◆ **Required work**: Everything from the line holding "海南文昌龍樓紅海山羊養(yǎ" through the last line of the data, and nothing else, should be retyped exactly, with no pictures.

START Records to process

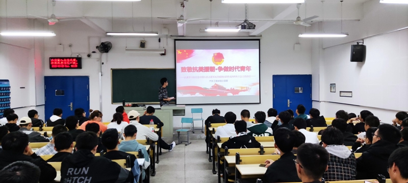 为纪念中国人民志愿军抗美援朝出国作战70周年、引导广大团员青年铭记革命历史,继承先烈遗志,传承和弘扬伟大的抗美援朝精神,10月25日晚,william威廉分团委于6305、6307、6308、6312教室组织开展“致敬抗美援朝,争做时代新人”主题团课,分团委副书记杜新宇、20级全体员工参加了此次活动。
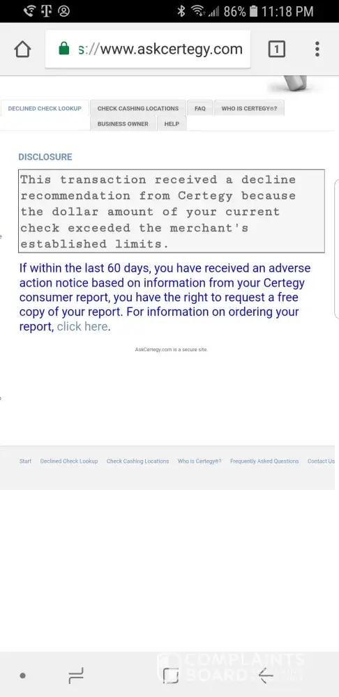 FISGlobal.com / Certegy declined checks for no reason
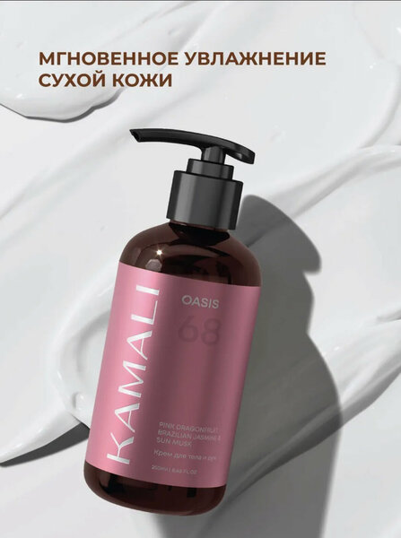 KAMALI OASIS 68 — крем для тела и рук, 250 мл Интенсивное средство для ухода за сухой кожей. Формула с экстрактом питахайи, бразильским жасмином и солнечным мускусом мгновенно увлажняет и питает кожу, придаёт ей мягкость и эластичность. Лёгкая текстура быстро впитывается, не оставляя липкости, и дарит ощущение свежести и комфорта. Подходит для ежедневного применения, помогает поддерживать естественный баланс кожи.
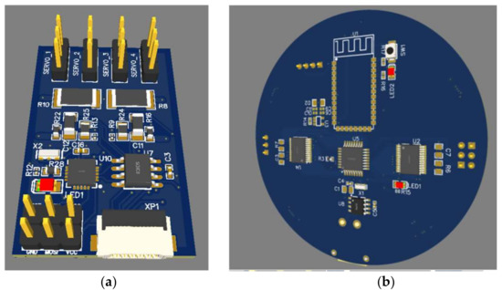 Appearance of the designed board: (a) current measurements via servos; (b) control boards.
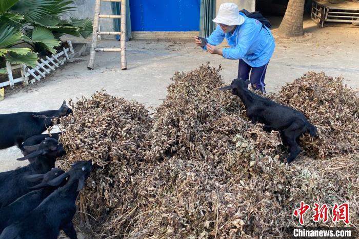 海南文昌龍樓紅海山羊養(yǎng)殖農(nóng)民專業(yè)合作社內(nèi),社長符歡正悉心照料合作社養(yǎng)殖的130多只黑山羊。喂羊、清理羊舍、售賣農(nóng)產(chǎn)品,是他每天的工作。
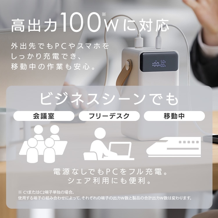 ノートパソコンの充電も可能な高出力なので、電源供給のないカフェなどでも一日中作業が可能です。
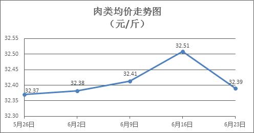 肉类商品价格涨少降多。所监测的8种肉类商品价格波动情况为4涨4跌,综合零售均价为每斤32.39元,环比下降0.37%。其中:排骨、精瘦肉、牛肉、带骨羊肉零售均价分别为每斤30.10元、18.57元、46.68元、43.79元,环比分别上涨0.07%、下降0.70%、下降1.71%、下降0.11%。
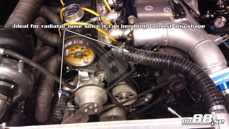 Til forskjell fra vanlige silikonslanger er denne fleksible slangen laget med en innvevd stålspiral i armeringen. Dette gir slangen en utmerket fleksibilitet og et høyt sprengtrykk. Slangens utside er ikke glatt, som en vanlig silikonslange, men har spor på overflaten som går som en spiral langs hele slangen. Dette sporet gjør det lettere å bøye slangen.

END Records to process

◆ **Solution to this problem**:
 海南文昌龍樓紅海山羊養(yǎng)殖農(nóng)民專業(yè)合作社內(nèi),社長符歡正悉心照料合作社養(yǎng)殖的130多只黑山羊。喂羊、清理羊舍、售賣農(nóng)產(chǎn)品,是他每天的工作。
 ノートパソコンの充電も可能な高出力なので、電源供給のないカフェなどでも一日中作業が可能です。
 肉类商品价格涨少降多。所监测的8种肉类商品价格波动情况为4涨4跌,综合零售均价为每斤32.39元,环比下降0.37%。其中:排骨、精瘦肉、牛肉、带骨羊肉零售均价分别为每斤30.10元、18.57元、46.68元、43.79元,环比分别上涨0.07%、下降0.70%、下降1.71%、下降0.11%。
 Til forskjell fra vanlige silikonslanger er denne fleksible slangen laget med en innvevd stålspiral i armeringen. Dette gir slangen en utmerket fleksibilitet og et høyt sprengtrykk. Slangens utside er ikke glatt, som en vanlig silikonslange, men har spor på overflaten som går som en spiral langs hele slangen. Dette sporet gjør det lettere å bøye slangen.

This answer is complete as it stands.